[Provided data — start]
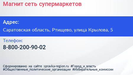 Магнит, сеть супермаркетов по адресу Саратовская область, Ртищево, улица Крылова, 5 в дальнейшем Организация, размещена в следующих категориях:
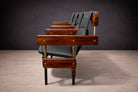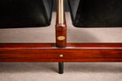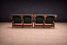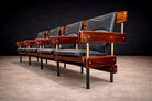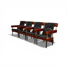 Each seat and backrest is upholstered in black leather, newly refinished and presenting in excellent condition. The upholstery is tensioned within the frame and incorporates an integrated reclining mechanism that allows the backrest to respond to the body without shifting the base structure. This engineering solution maintains the integrity of the fixed system while enhancing ergonomic comfort—an essential consideration in auditorium design.
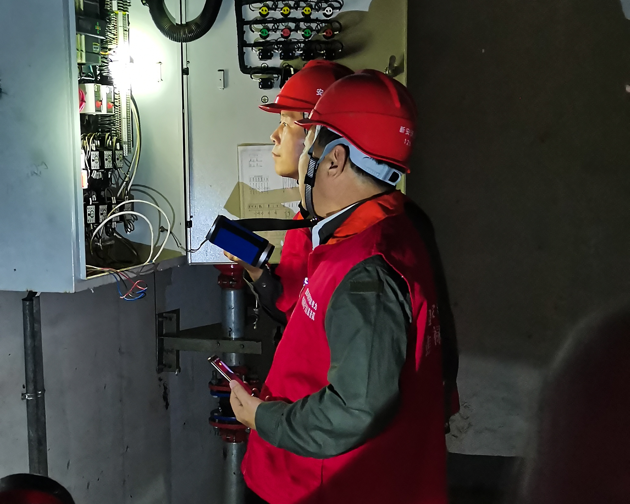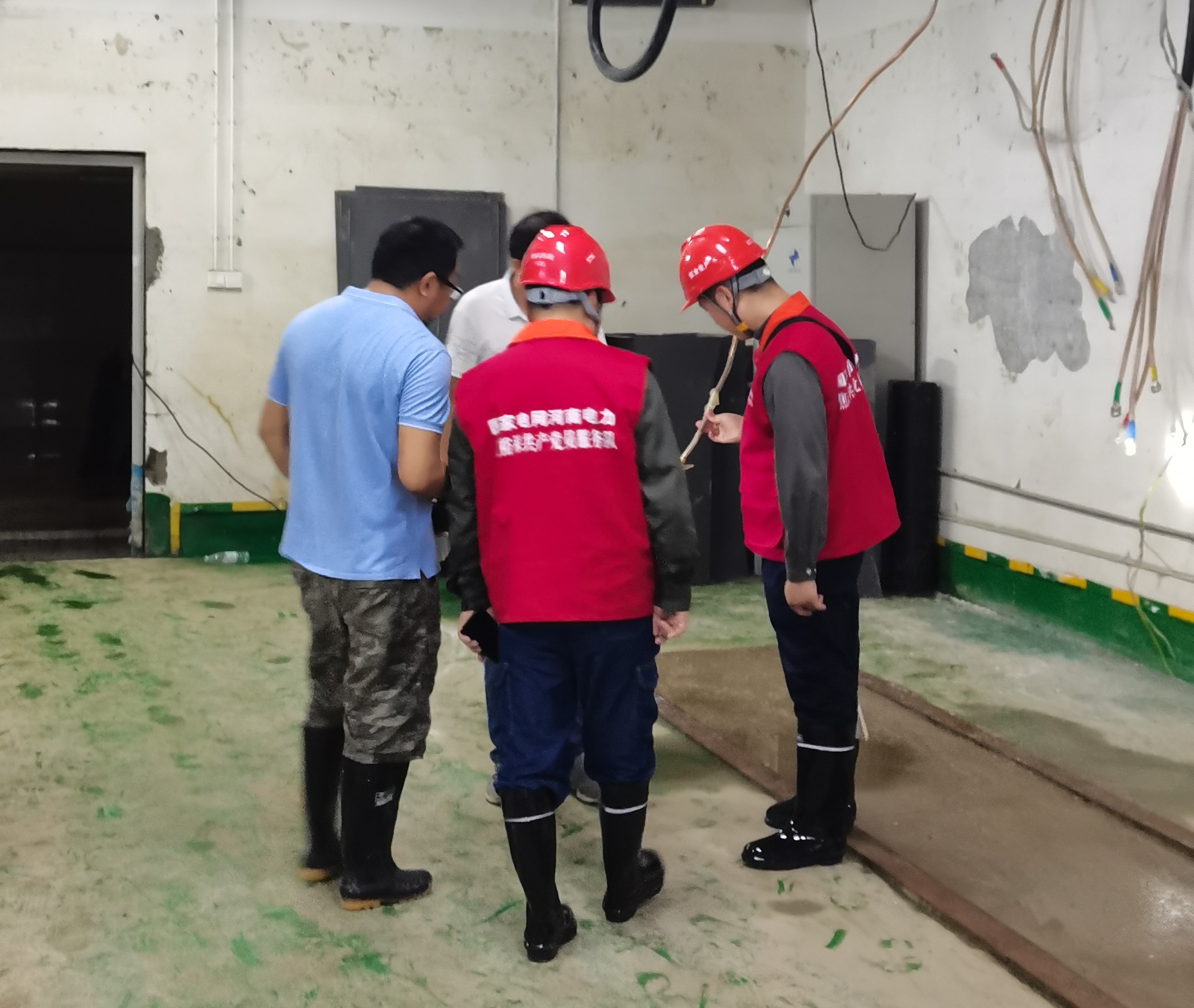 为了尽快完成隐患排查任务,队长张建新带领突击队5名队员顶着高温,走进了地下车库开展工作。水退之后的车库还是不少泥泞,长时间的积水开始有了异味,这些都无法阻挡队员们决战决胜的信心,他们走进设备区,一条电缆、一个设备地认真排查,不放过一处细节、一个隐患。
[Provided data — finish]
--- Work to be completed ---
If pictures appear in the data, do not print them; repeat the rest exactly.

--- Response box ---
 Магнит, сеть супермаркетов по адресу Саратовская область, Ртищево, улица Крылова, 5 в дальнейшем Организация, размещена в следующих категориях:
 Each seat and backrest is upholstered in black leather, newly refinished and presenting in excellent condition. The upholstery is tensioned within the frame and incorporates an integrated reclining mechanism that allows the backrest to respond to the body without shifting the base structure. This engineering solution maintains the integrity of the fixed system while enhancing ergonomic comfort—an essential consideration in auditorium design.
 为了尽快完成隐患排查任务,队长张建新带领突击队5名队员顶着高温,走进了地下车库开展工作。水退之后的车库还是不少泥泞,长时间的积水开始有了异味,这些都无法阻挡队员们决战决胜的信心,他们走进设备区,一条电缆、一个设备地认真排查,不放过一处细节、一个隐患。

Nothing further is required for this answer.